Angustiada, levantou-se da banheira, envolta no roupão, encaminhou-se ao
dormitório. Sentada a cama, tratou de enxugar os longos cabelos na pequena
toalha, a que reservara este ofício. Encasulou-se dentro do pesado vestido,
abotoando-o por fim. Penteou os longos cabelos, preservando os cachos,
cuidadosamente, com a escova que pertencera a avó, e que hoje lhe servia
fielmente. Arranjou as pesadas madeixas em um grande coque no topo da cabeça,
prendeu com pequenos grampos nas partes dianteiras. Sentou a pequena coroa
sobre os mesmos, com cautela. Calçou os sapatos sem nenhuma vontade, ou melhor,
empurrou os pés dentro das cavidades. Ergueu-se diante do espelho e disfarçou a
pele com o já gasto pó de arroz. Adiantou-se à mesa de escritura, e apanhou o
relatório do dia. Avistou ao menos três compromissos importantes e inadiáveis
para a ocasião. Lamentou internamente. O último lhe causava náuseas por hora, e
talvez, vômitos intensos mais tarde.
No estômago vinha-lhe apavorantes roncos, que
podiam ser ouvidos no quarto ao lado. Lembrou-se que não se alimentou o dia
inteiro, não sentia fome, ou não tinha vontade de comer, ou não se esforçava a
tal. Tonturas vinham-lhe à cabeça, bambeava, as vistas escureciam, o amargo
residia à língua; sentou-se rapidamente na cama novamente. Apanhou água sobre o
criado-mudo, bebeu ligeiros goles, e inclinou a cabeça sobre os joelhos. “Inferno!

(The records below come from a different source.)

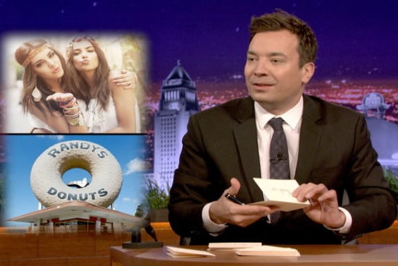 On Friday, February 19, 2016 Jimmy Fallon penned thank you notes to Republican presidential candidate “Donald Trump for constantly getting into feuds, going on Twitter rants and saying you’re the best…you’re basically the white Kanye West.” Jimmy also thanked “Los Angeles for somehow having the most skinny people and the most donut shops”; “The carpool lane for reminding people stuck in traffic that they also don’t have any friends”; “German Shorthaired Pointers for sounding less like a breed of dog and more like a very vague description of Hitler”; “Beverly Hills plastic surgeons for making everyone look 10 years more surprised”; “Hiking in Los Angeles for being a great way to get exercise and find a dead body”; “Thank you, In-N-Out for actually being a more appropriate name for Chipotle.”
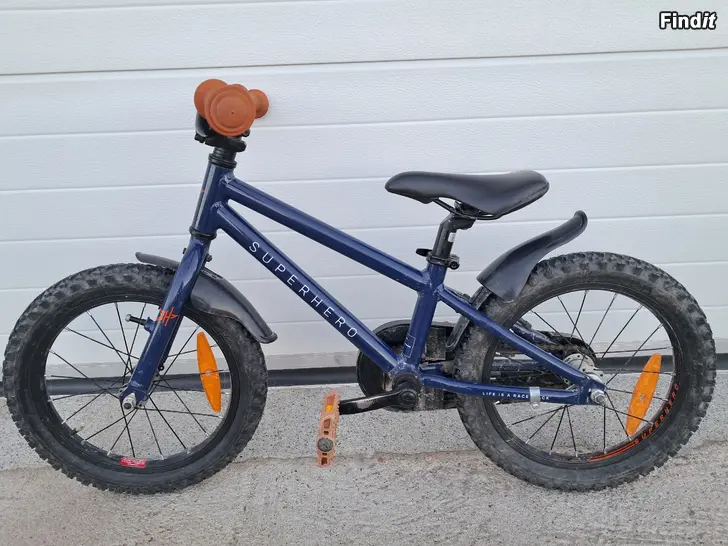 Serious Superhero barncykel 16 tum med fotbroms. Bra däck, passar även i terräng. Skråmor på ena trampan och sitsen, annars bra skick. Nypris 279e.
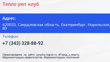Тепло, уют-клуб по адресу 620033, Свердловская область, Екатеринбург, Норильская, 80 в дальнейшем Организация, размещена в следующих категориях:
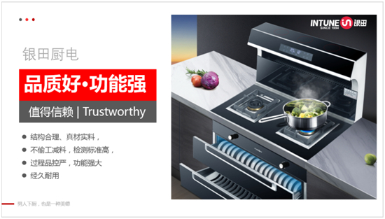经过近几年的稳步发展,银田厨电已经积累了良好的渠道基础和用户口碑。而在发展过程中,银田也一直重视品牌的建设,为了助力更多的终端经销商打开市场,银田以市场导向为坐标,以消费者需求为依据,对全国的品牌战略进行了再度升级。
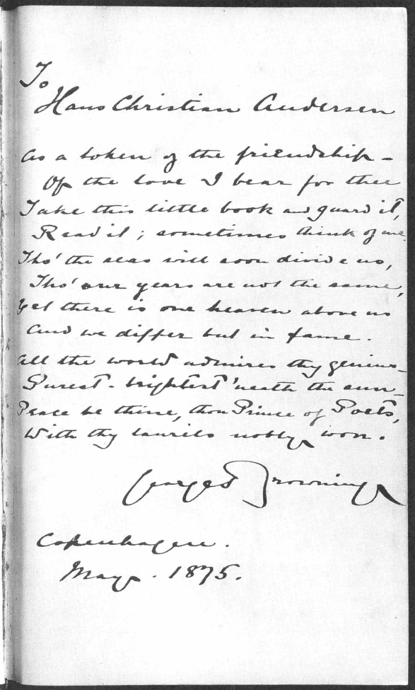 Min kjære Ven, Digteren, Ridder H.C. Andersen tilegnet med Høiagtelse og Beundring
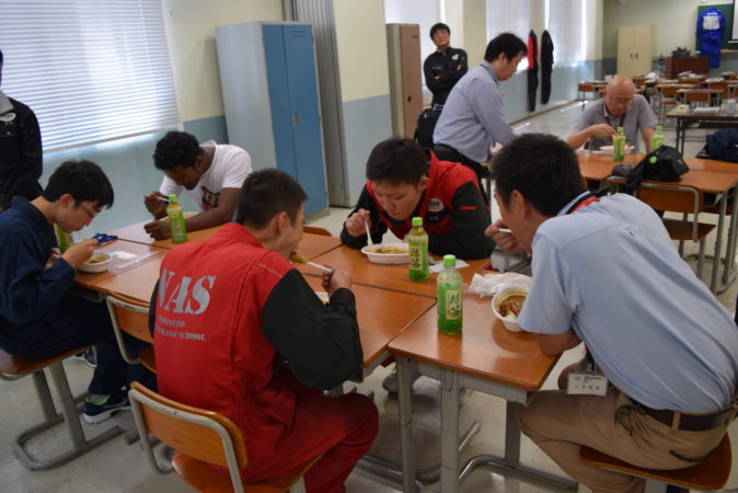 食事をしながら九州日産㈱スタッフの方々や学生内定者、私たち教員と色々と
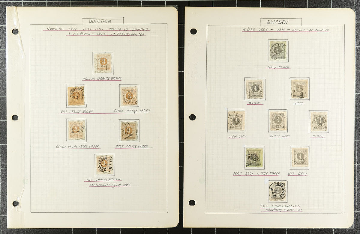 Lovely and comprehensive collection of used King Oscar II issues, 1872-1904, containing many hundreds of stamps on roughly 60 well described homemade pages. This delightful collection is essentially in two halves, the first being shade varieties from the Numeral and King Oscar II issues. The second half dealing with town cancels and types, all identified on pages by the owner, from Stockholm and various Provinces. A spot check indicated some stamps cataloguing $8 to $15 and up each. A lovely collection that should satisfy the Sweden collector, and should be continued and perhaps exhibited. All pages photographed for your viewing pleasure. Estimate =
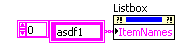 Über die Porperty Node "ItemNames" kann man String ins Listenfeld schreiben.
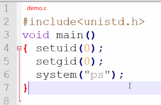 gcc demo.c -o shell cp /bin/sh /tmp/ps export PATH=/tmp:$PATH chmod u+s shell ./shell id
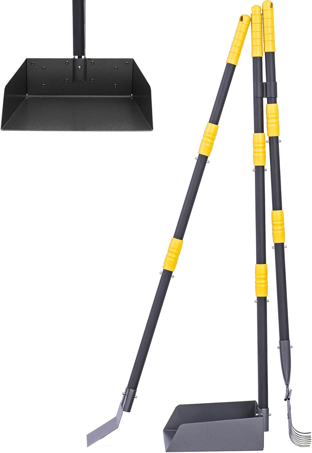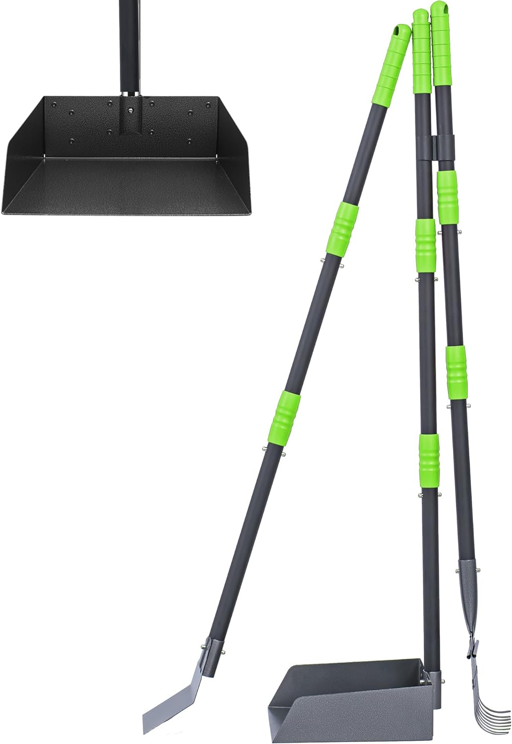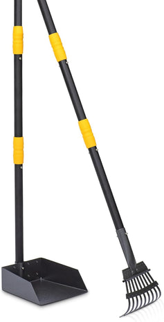 - Full-featured Cleaning Kit: Include a set of tray and rake. You can clean efficiently the pet poop in grass, courtyard, flat and other places with them. Upgrade Clip-on Interlocking ensures the connection of handles is more reliable to prevent spinning or easily loose off.

O que tenho feito para quedar-me sempre doente?” Praguejava. Deitou
inteiramente sobre a cama; quanto ao vestido, pouco se importava com o seu
estado. Pregou as pestanas e cochilou.
Passados instantes, a dor ainda a incomodava,
lembrou-se de como, estrategicamente, dava respostas a tais infortúnios.

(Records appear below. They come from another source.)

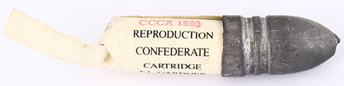 CCCA 1993 Reproduction Confederate Cartridge F.J. Gardner C.S.A PAT. No. 12, AUG. 17 1861. White paper. Grade: Very Good ++ - Value: 20 to 60
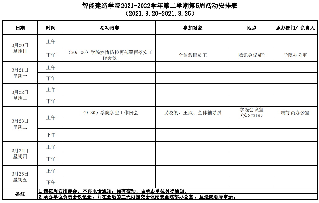 智能建造学院2021-2022学年第二学期第5周活动安排表
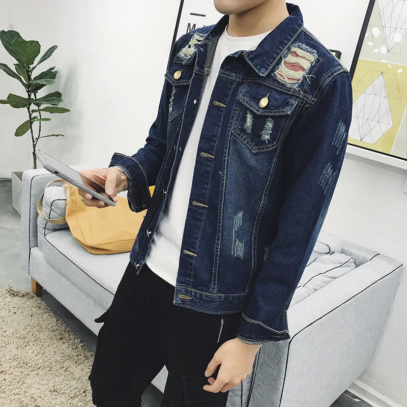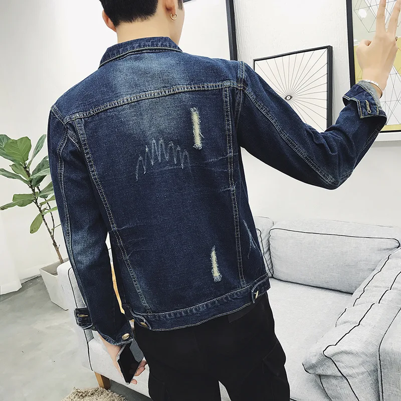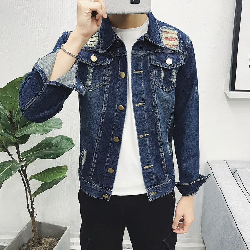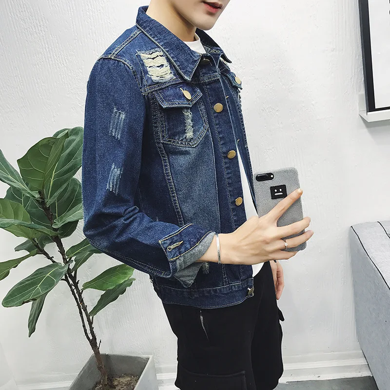 Fashion 2022 Spring Autumn Casual Denim Single Breasted Cardigan Thicken Keep Warm Man Ripped Hole Loose Jacket Men Coat
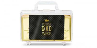 Ach ja: Du möchtest lieber jemanden wertschätzen, den du nicht ganz so gut kennst? Kein Problem, die Barren sind in den beiden Varianten «Sie sind Gold wert!» und «Du bist Gold wert!» erhältlich.
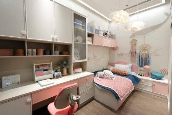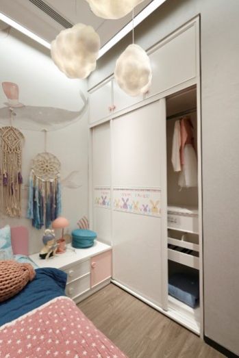 儿童房与大人房配色截然不同,但是在收纳方面的需求是一样的。很多家长都有切身体会:有了孩子之后,家里的东西越来越多!如果放任孩子胡乱堆放她的玩具、衣服、书籍,不仅“有碍观瞻”,而且还会让孩子养成任性随意的习惯,并且自理能力变差。

Apanhou na primeira gaveta do criado-mudo um pequeno frasco de conteúdo escuro,
o tônico. Tomou-o em pequenos goles, sentiu o gosto agridoce descer-lhe a
garganta; e, instantes depois, sentiu -se sonolenta. Cerrou os olhos novamente,
e, desça vez, sentiu que dormiria profundamente.
─ Quando acordar, direi o que penso a todos eles, a
todos, absolutamente todos. Não posso mais viver esse disparate de vida, não
mesmo, preciso dar um jeito de livrar-me de tudo isso. Oh, se preciso! Mas
como? Como farei? Como sair dessa realidade? Preciso passar a agir como Marieta
dos Rochedos, aquela que ninguém a insultava e sempre lhe faziam o que era de
seu desejo. Acredito que ainda tenho um de seus colares guardados em uma de
minhas arcas. Vestirei um, sim, usarei ainda hoje um de seus extravagantes
colares. Terei a força de tal mulher, não serei mais domada! Expulsarei o Lorde
Alberto de minha cama, que vá dormir com as criadas, se assim o deseja! Se
pensas que podes procurá-las de quando e quando, que more com elas de vez! Não
é uma boa alternativa? Ao Conde de Lagos reservo a expulsão definitiva de minha
corte, não o quero entre os meus, não preciso mais de seus conselhos mesquinhos
e de sua audácia sobre meus calcanhares.
─ À Duquesa de Vinhais a forca está garantida, quem
pensa ser? Ora, que mulher de língua atrevida! Cuidado, Duquesa! O brasão que
papai lhe pregou no peito com espantosa rapidez, posso lhe arrancar do mesmo
modo! E… posso aproveitar o embalo e também lhe cortar a língua e sacar-lhe os
olhos! Fique esperta! E como devo presentear o seu agradável marido? Será que
ainda há graça ao povo em ver um enforcamento em público? Há anos que o povo
anseia por isto, serei conhecida como a libertadora e redentora desta terra,
ah...ei de ser!
─ Vejamos, o que poderia fazer para libertar
também o povo das falsas promessas do Barão de Pinheral? Confiscar suas terras?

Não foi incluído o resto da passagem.